By implementing Intelligent Testing, you can also reduce the turnaround times of your full testing cycles and turn your focus on areas that carry higher risks. AI can also help you automate every step of the testing process including creating, running and interpreting the test cases.
Moreover, AI can also help you categorize your alerts based on urgency and impact to prioritize better and prevent alert fatigue. Once you automate the resolution of these low-priority tasks using AI, you can focus on more critical tasks in your SDLC.
- Enhancing Real-Time Security
When you want to create an AI-powered DevOps environment that makes your SDLC more secure, you must implement the technology holistically. AI can play a crucial role in locating and assessing the existing code, monitoring your tech infrastructure and its ability to deal with vulnerabilities.
Additionally, AI-based security solutions and algorithms can also help you examine large data volumes and identify patterns that indicate security risks or issues. You can also use AI to improve your software system’s overall posture by identifying and removing vulnerabilities proactively and in real-time, thus reducing the possibility of data breaches or malicious attacks.
- Emergence of Self-Healing Systems
Aside from the aforementioned applications of AI in DevOps, more ways to integrate AI technology emerge every day. Self-healing systems are one such type of application that is not common but is quickly getting popular among growing software teams.

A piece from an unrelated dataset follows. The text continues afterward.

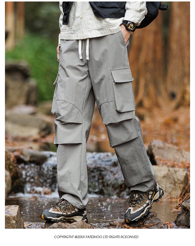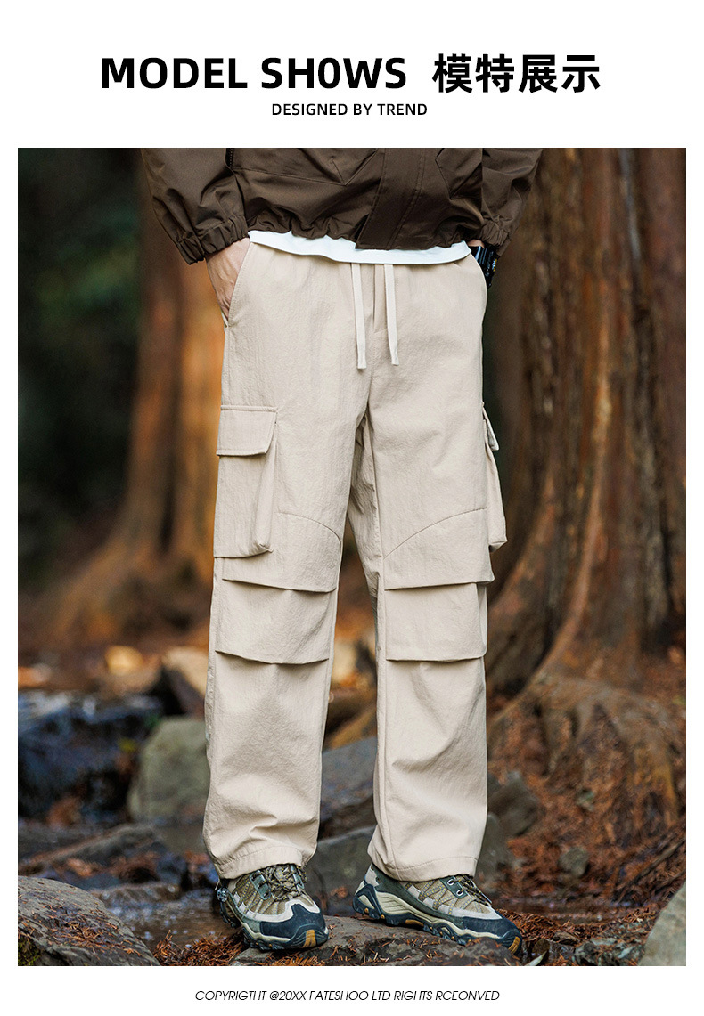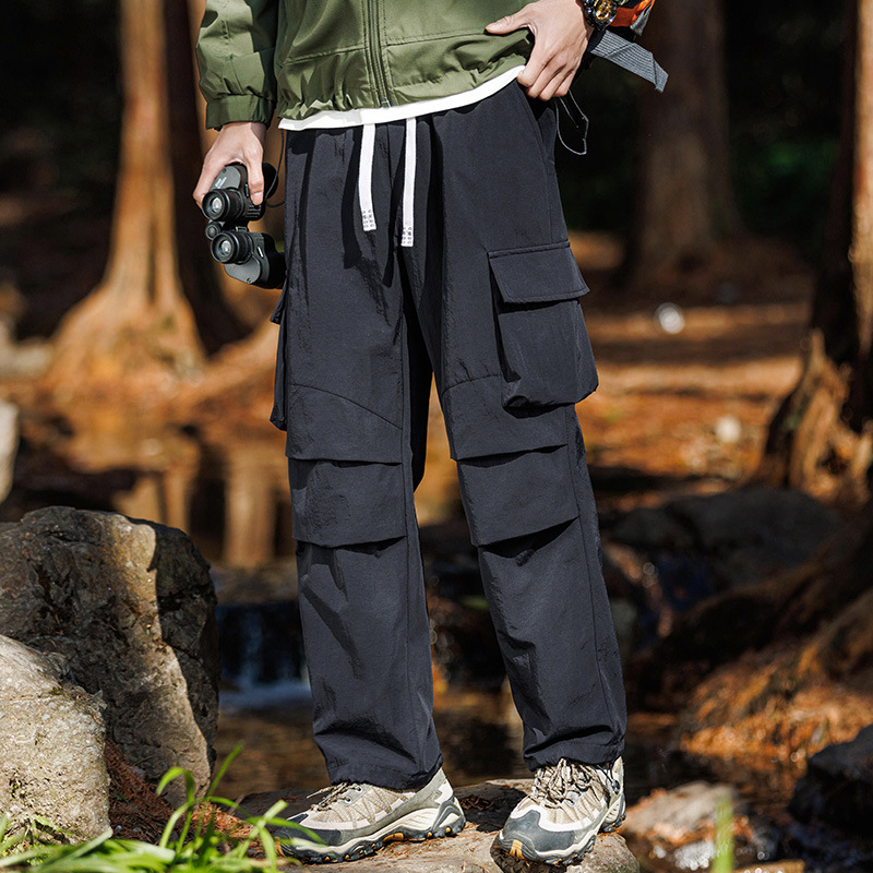 아메리칸 스타일 작업 바지 남자 2024 새로운 여름 유행 브랜드 느슨한 야외 등산 러쉬 바지 스포츠 캐주얼 바지

Self-healing systems can detect and resolve issues with minimal or no human intervention, and ensure uninterrupted service. AI-powered tools can help you conduct root cause analysis by leveraging your system logs and data. Your system can then apply fixes or roll back configurations automatically to minimize downtime.
You can also leverage AI algorithms to monitor the system performance and adjust resources as required, thus improving scalability and optimizing development costs in the software.
Concluding Remarks
Artificial Intelligence has been around for a while and can help you level up different parts of your software development cycle. By integrating the technology effectively, and automating some of the repetitive parts, you can free up time and resources to focus on critical tasks and functions. You can also continuously improve and level up your SDLC by streamlining and optimizing the process using AI.